Independent research says that a nuclear solution for remote communities (as proposed by the government) is likely to cost 10 times more to build and operate than the alternatives.

It seems inevitable that the Liberal action plan will soon be launched with generous handouts for the nuclear industry, whose aspiring players in Canada today include SNC-Lavalin and U.S. corporations like Westinghouse and GE-Hitachi Nuclear Energy. Few Canadians are aware that “Canadian” Nuclear Laboratories (CNL) is owned by a consortium of SNC-Lavalin and two U.S. firms, Fluor and Jacobs.

In recent years, the nuclear industry and Liberals have not only been laying the groundwork for government funding. It appears they’ve also been ensuring that the framework for nuclear energy in Canada gets even more accommodating.

The biggest step was exempting most new reactors from the Impact Assessment Act, which, in 2019, replaced the Canadian Environmental Assessment Act. This was deemed so important to the nuclear industry’s future that the Canadian Nuclear Safety Commission (CNSC) lobbied the Liberal government to exempt small reactors—and won. So much for the CNSC, the regulator that’s supposed to oversee the industry, being seen as objective and “world class.”

The Impact Assessment Act was intended to create “greater public trust in impact assessment and decision-making.”  But there will be no federal assessment of nuclear reactors up to 200 thermal MW in size, nor of new reactors built at existing nuclear plants (up to 900 MWth). Yet new tidal power projects, as well as offshore wind farms with 10 or more turbines, need an assessment under the regulations, as do many new fossil fuel projects. 

Also exempted from federal assessment is the “on-site storage of irradiated nuclear fuel or nuclear waste” associated with small modular reactors. This will make it easier for SMRs’ radioactive waste to be potentially left in the northern, remote, and First Nations communities, where they are proposed to be built.

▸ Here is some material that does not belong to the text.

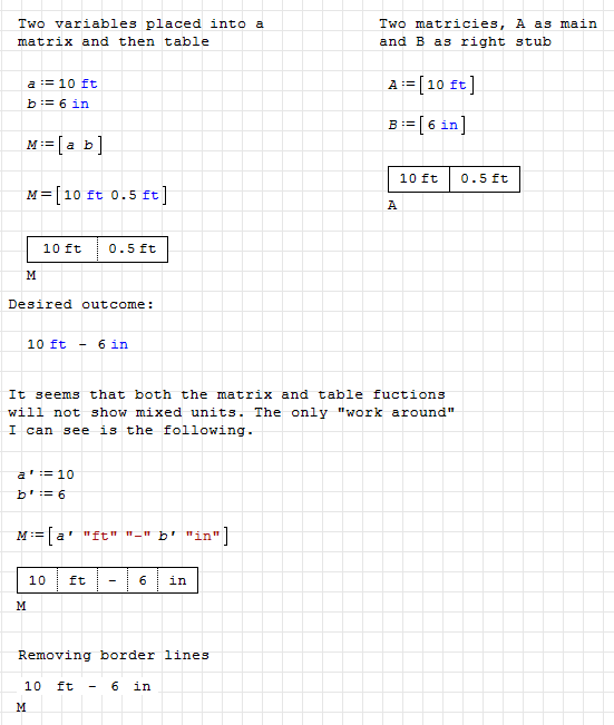 Why you may ask? This is an attempt at showing mixed units as a single output result in sheet. Often lengths are specified in feet + fractional inches.

The nuclear regulator has also been responsible for introducing a suite of “regulatory documents” on reactor decommissioning and radioactive waste that environmental groups have called “sham regulation.”

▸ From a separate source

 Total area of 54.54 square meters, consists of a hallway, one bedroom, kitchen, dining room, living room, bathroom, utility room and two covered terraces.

Meanwhile, the bureaucrats at the CNSC have been busy signing a memorandum of cooperation with the U.S. Nuclear Regulatory Commission on Small Modular Reactors. This agreement means that Canada can recognize U.S. reviews of reactor designs in order to “streamline the review process.”

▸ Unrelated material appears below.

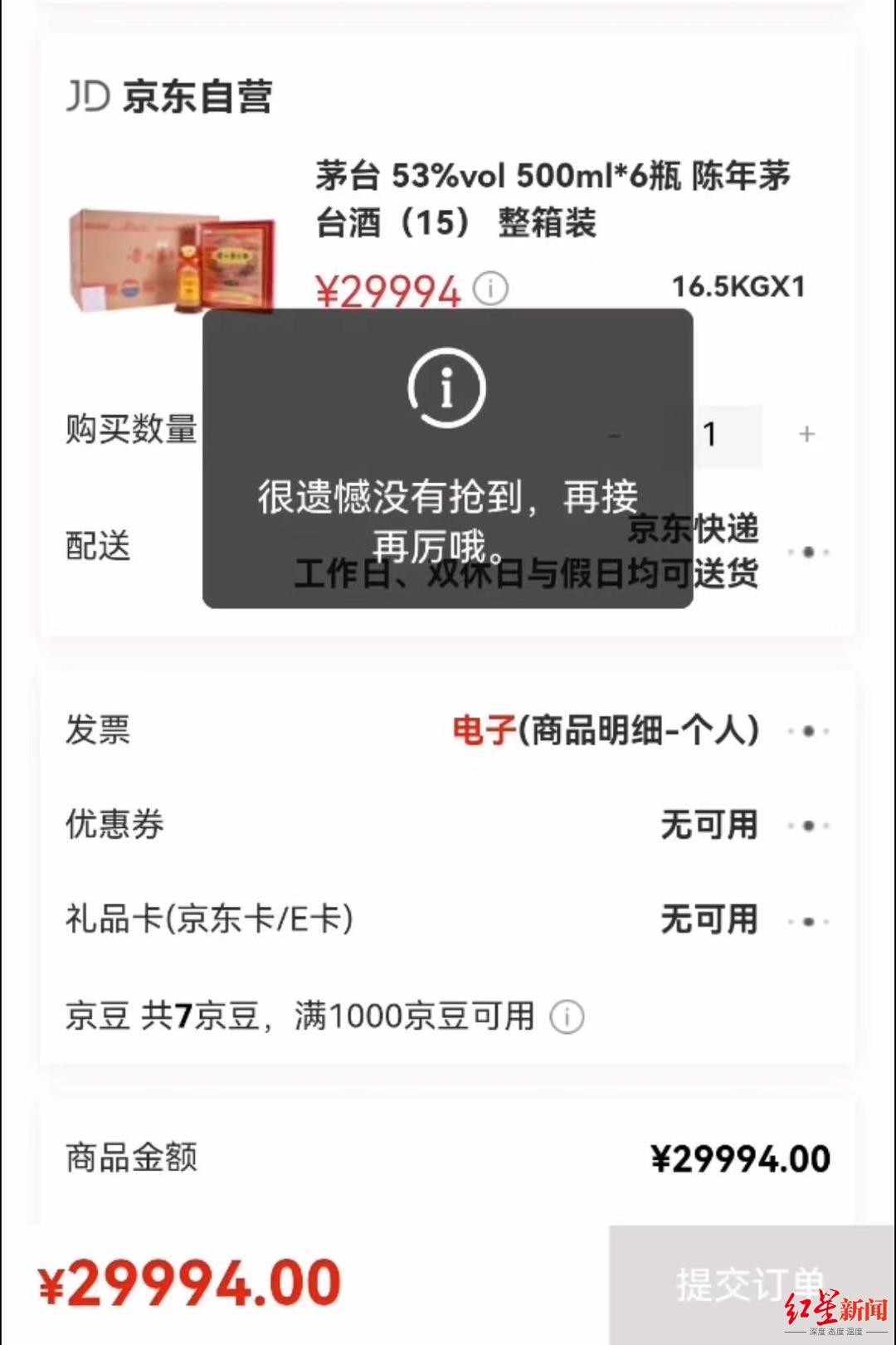 11月11日上午10点整,红星资本局进入京东的53%vol 500ml陈年茅台(15)整箱酒的抢购界面,两台手机疯狂点击后,茅台箱酒“秒光”,随后页面弹出“很遗憾没有抢到,再接再厉哦”的字样提示,宣告抢购失败。

CNSC has also outlined its plan in a document called Strategy for Readiness to Regulate Advanced Reactor Technologies. In a nutshell, the document says that regulations for new reactor designs will have to be flexible. It notes that CNSC regulated the earlier generation of water-cooled reactors (such as CANDUs) at first based on “objectives” in the 1950s and ‘60s. Then, as experience with these reactors evolved, regulations became more detailed and prescriptive. It says the same may have to happen with the new next-gen reactor designs. 

In the 1950s, there were indeed few “prescriptive requirements” for the newfangled reactors. In 1952, the NRX reactor at Chalk River, Ont., had a meltdown. It was the first large-scale nuclear reactor accident in the world and took two years to clean up—which, by 1950s standards, included pumping 10,000 curies of long-lived fission products into a nearby sandy area. Then in 1958, the NRU reactor at Chalk River—a test bed for developing fuels and materials for the CANDU reactor—had a major accident, a fuel-rod fire that contaminated the building and areas downwind. It took 600 workers and military personnel to do the top-secret clean-up.

Let’s hope today’s regulators and lawmakers can learn from history. Does Canada really need or want to be the “leading-edge” testing ground for new experimental nuclear reactors? Canadians should have their say in a referendum—or at the ballot box.

Eva Schacherl is an Ottawa-based environmentalist.